So, before I start, I did get up and workout this morning. It was more like 5:20, but hey, I did it.
Now, for what I really wanted to talk about. I know I’ve mentioned writing a business plan to you guys already. I’m still not ready to talk about the specific details of the business I am currently planning yet (don’t you worry your pretty little heads – when I’m ready, I’ll be shouting it from rooftops and shamelessly promoting it). Some of you who know me already know what I’m doing and most of you have been supremely supportive and I can’t even tell you how much that means to me.
But, as always, I have managed to get into my own head about all of this and freak myself out. When I first came up with the idea, I was completely obsessed with it. It’s all I thought about, read about, and sometimes talked about. I started writing the business plan and felt awesome about it. But then something happened in my brain and all of the what-ifs started popping up and scaring the crap out of me. I started thinking that I was romanticizing the entire idea in my head and that it was going to be way more work than I was admitting to myself. I nearly ditched the idea all together.

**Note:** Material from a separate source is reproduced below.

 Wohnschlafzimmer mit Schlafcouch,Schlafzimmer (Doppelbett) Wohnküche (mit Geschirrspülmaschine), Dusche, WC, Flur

I talked to JW about it and he said that if my heart wasn’t really in it then he wouldn’t try to stop me from letting it go. But he added that he’d hate to see me throw away a really good idea just because I got cold feet over what-ifs. I had a lot of soul-searching and thinking to do. I have been making some sweeping changes to my life lately and gotten serious about some goals. And this is one of them. I decided I need to move forward. My little brother told me he was happy that I’m not letting it go because he tends to change his mind a lot (we’re a lot alike) and it makes him glad to see me not giving up. My BFF told me not to quit too.

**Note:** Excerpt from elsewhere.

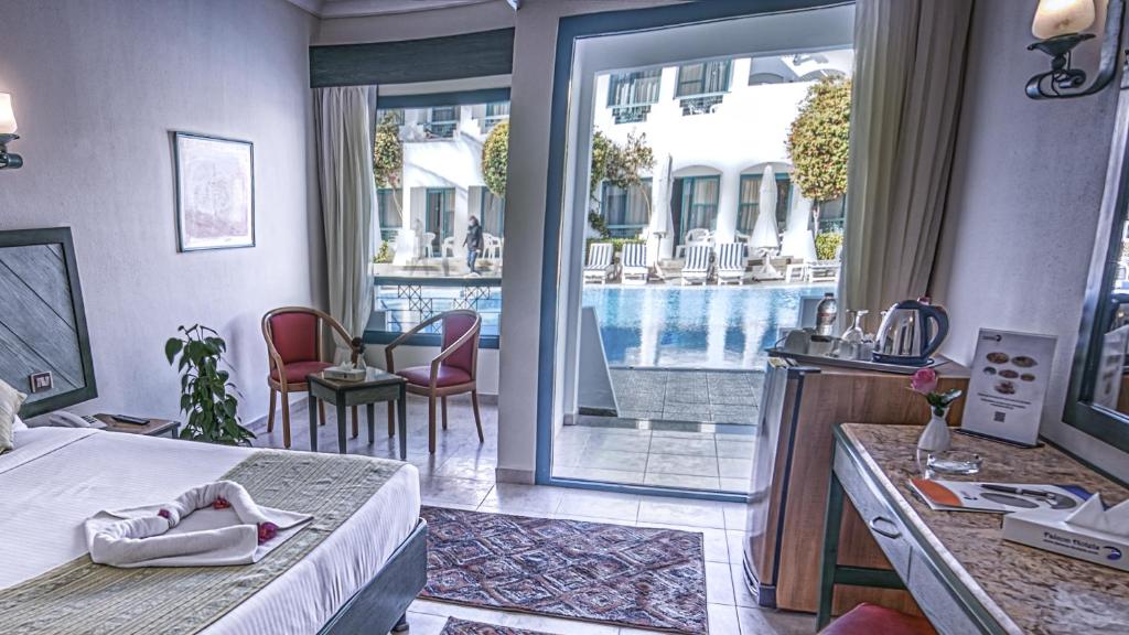 لحجزغرفة مطلة على حمام السباحة يتم اضافه مبلغ 650 جنيه او 15 دولار للفرد الواحد فى الليلة

I am still scared about a lot of things. I’m scared of the debt that will be associated with this venture (although startup costs for this particular business aren’t as overwhelming as some) and I’m scared of all of the unknowns. I feel like I want someone to hold my hand and tell me what do do next. I’m scared of actually acquiring the financing for it (because if I actually do all the work and start planning for it only to get told no, I’ll be heart-broken). There is a lot I be scared about.
But there is also a lot to be over-the-moon excited for. All of the what-ifs that have been popping into my head are scary. What if I can’t get financed? What if business is slow? What if I fail? But there are awesome what-ifs too. What if this is my dream job? What if I am a run-away success? What if this could be the most rewarding experience ever?
Here’s the thing: I really believe that we can make this a success. I am under no delusions that it won’t be hard work. I’m even anticipating it to be harder than I am aware of at this point. But I also think that if I am able to make it a success, it will be one of the most rewarding experiences of my life. And how can I turn down a chance like that? And really, how many things that are really worth doing aren’t just a little scary?